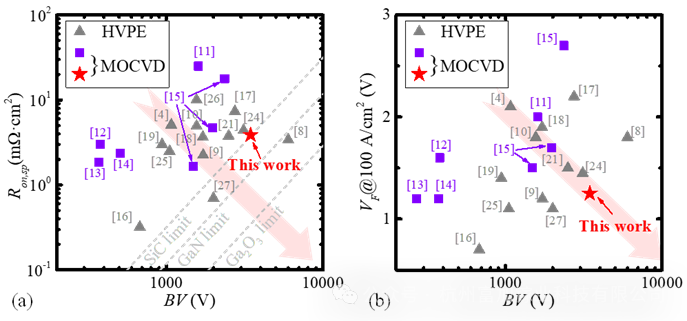 近日,基于杭州富加镓业科技有限公司(以下简称富加镓业)提供的高质量MOCVD厚膜外延片,福州大学团队成功制备出高性能氧化镓垂直型功率肖特基二极管,在公开发表的基于MOCVD外延制备的功率肖特基二极管中,PFOM性能国际最优(3.07 GW/cm2);从产业应用角度,在公开发表的基于MOCVD和HVPE外延制备的氧化镓功率肖特基二极管中,导通电压与耐压的综合性能最优。该工作于2025年9月2日发表在 Applied Physics Letters (https://doi.org/10.1063/5.0276330) 上。
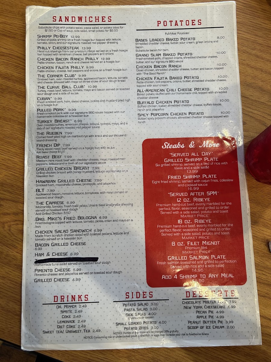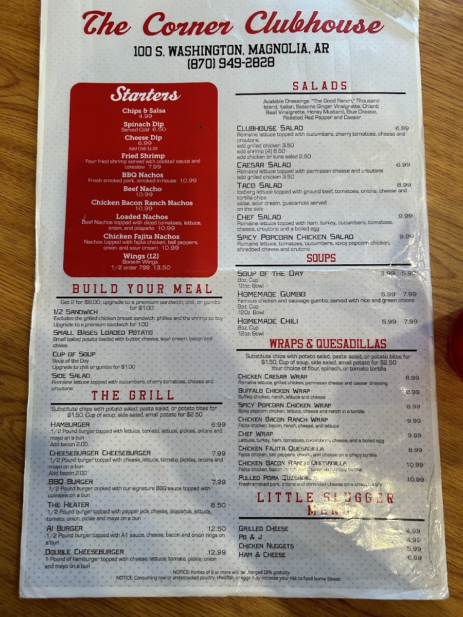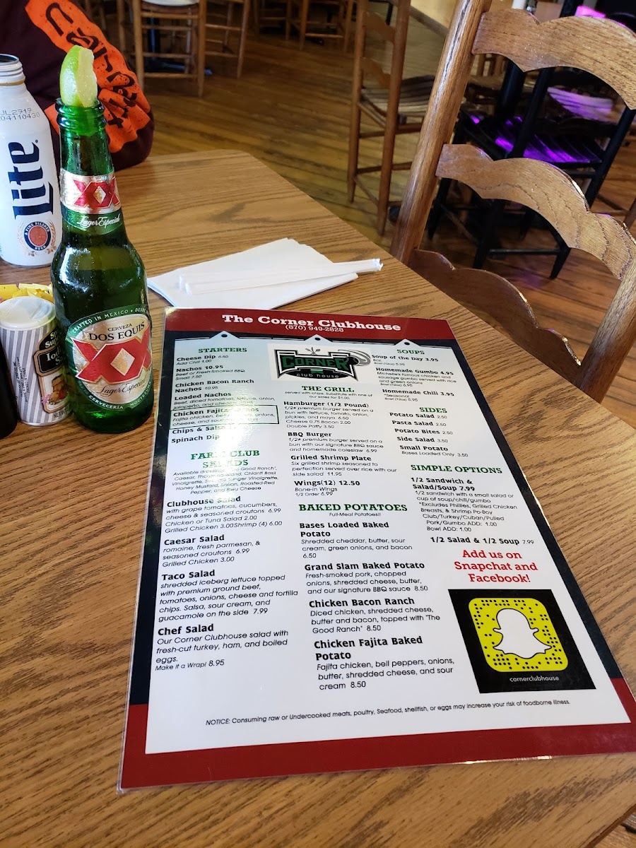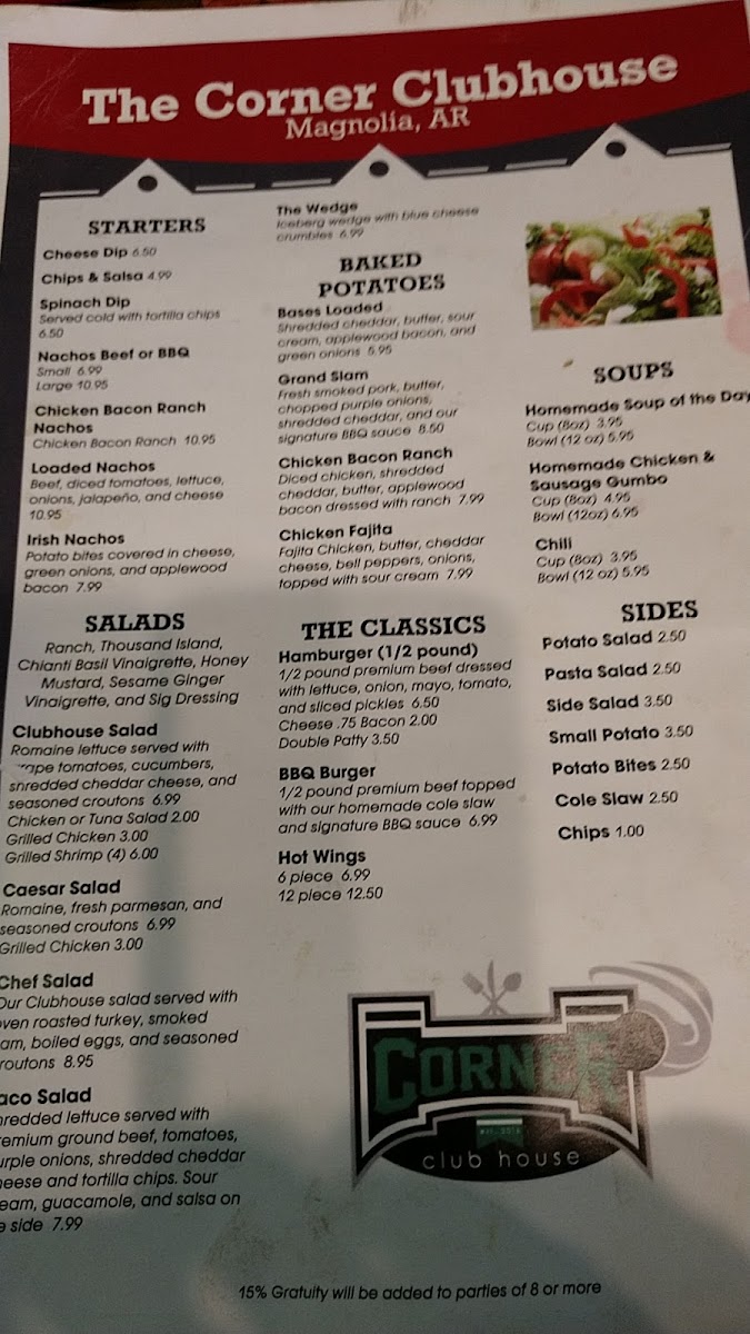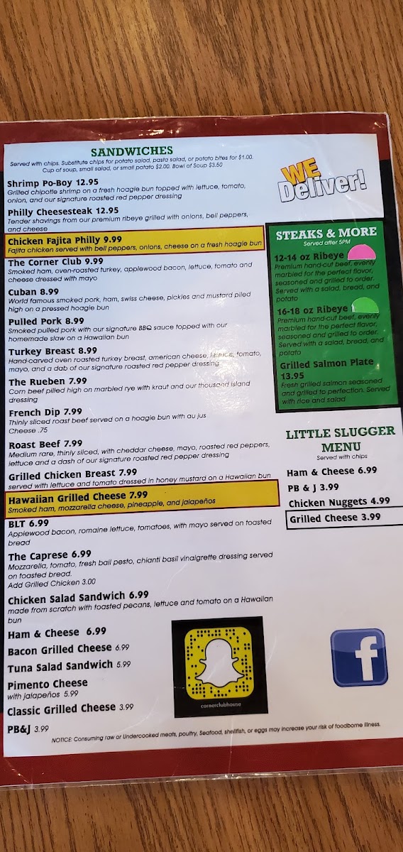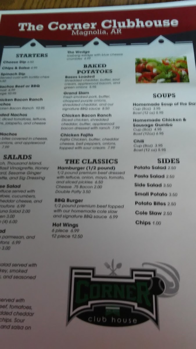The Corner Clubhouse Menu
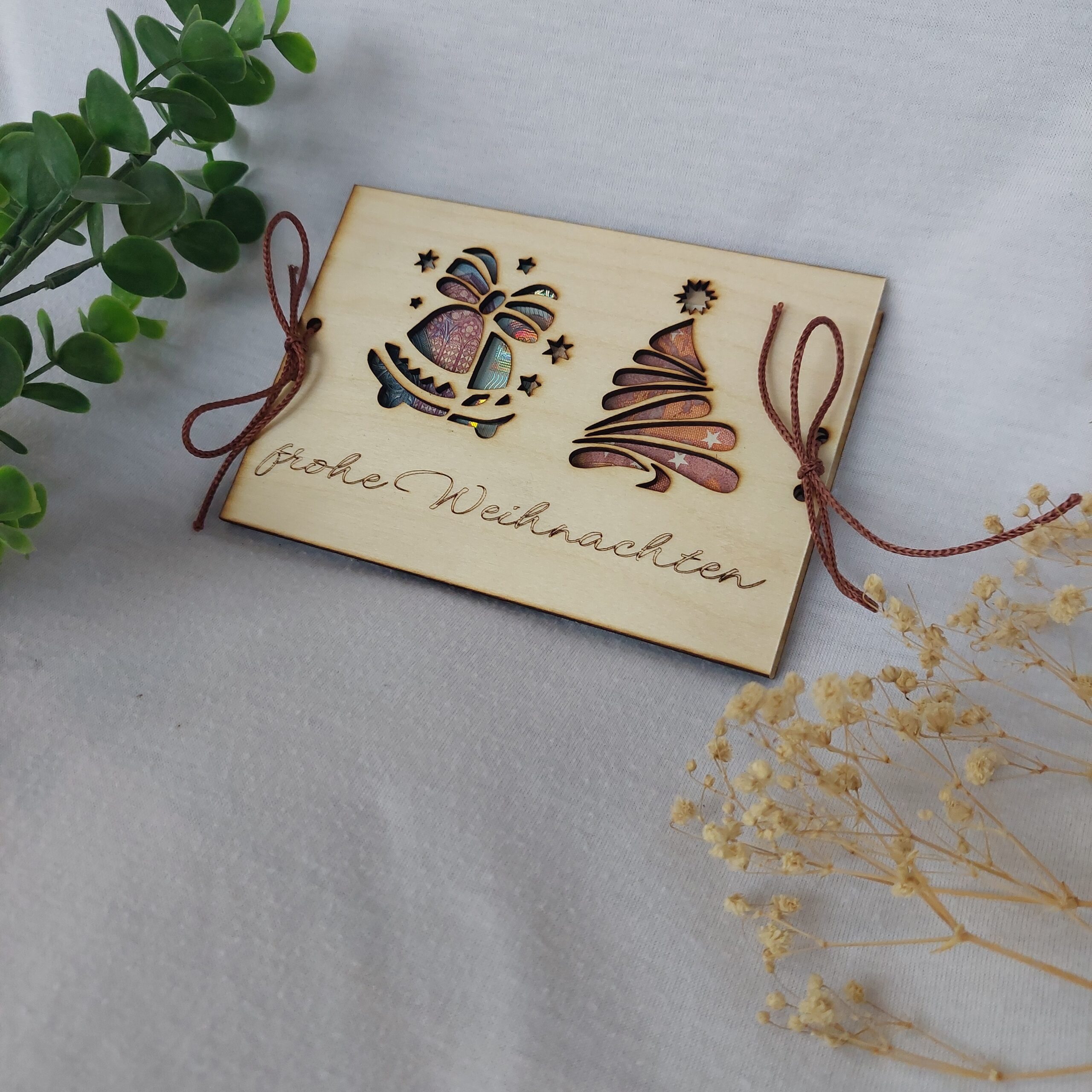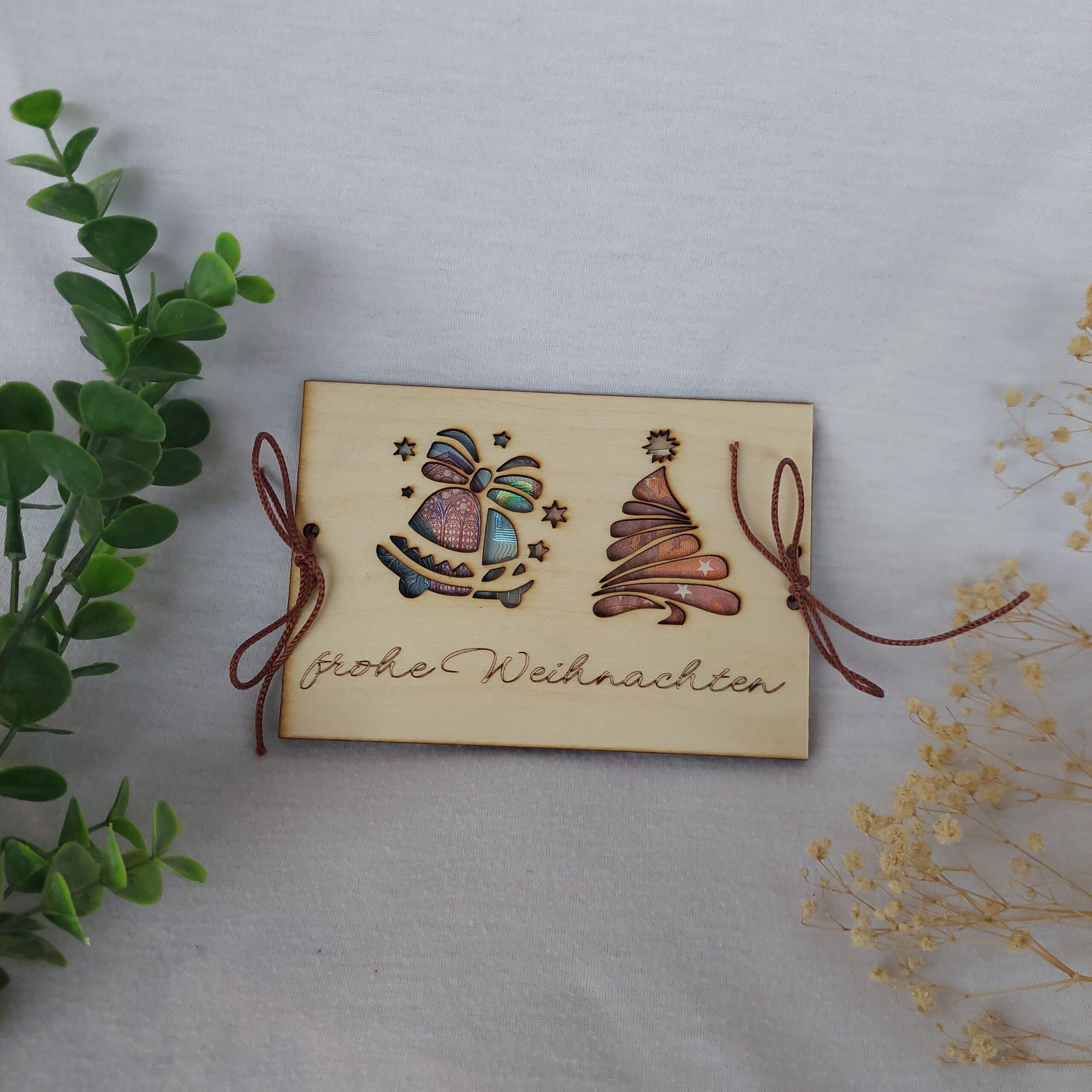 • Festliche Gravur: Die Vorderseite trägt den klassischen Schriftzug „frohe Weihnachten“. Die weihnachtlichen Motive, eine Glocke und ein stilisierter Christbaum, sind filigran ausgeschnitten und farbig hinterlegt (oder schimmern durch das Holz), was einen tollen, festlichen Effekt erzeugt.

= = = = = = =

Goal of the exercise - What is needed is an exact copy of the data, with the pictures removed.

Answer space -
 近日,基于杭州富加镓业科技有限公司(以下简称富加镓业)提供的高质量MOCVD厚膜外延片,福州大学团队成功制备出高性能氧化镓垂直型功率肖特基二极管,在公开发表的基于MOCVD外延制备的功率肖特基二极管中,PFOM性能国际最优(3.07 GW/cm2);从产业应用角度,在公开发表的基于MOCVD和HVPE外延制备的氧化镓功率肖特基二极管中,导通电压与耐压的综合性能最优。该工作于2025年9月2日发表在 Applied Physics Letters (https://doi.org/10.1063/5.0276330) 上。
The Corner Clubhouse Menu
 • Festliche Gravur: Die Vorderseite trägt den klassischen Schriftzug „frohe Weihnachten“. Die weihnachtlichen Motive, eine Glocke und ein stilisierter Christbaum, sind filigran ausgeschnitten und farbig hinterlegt (oder schimmern durch das Holz), was einen tollen, festlichen Effekt erzeugt.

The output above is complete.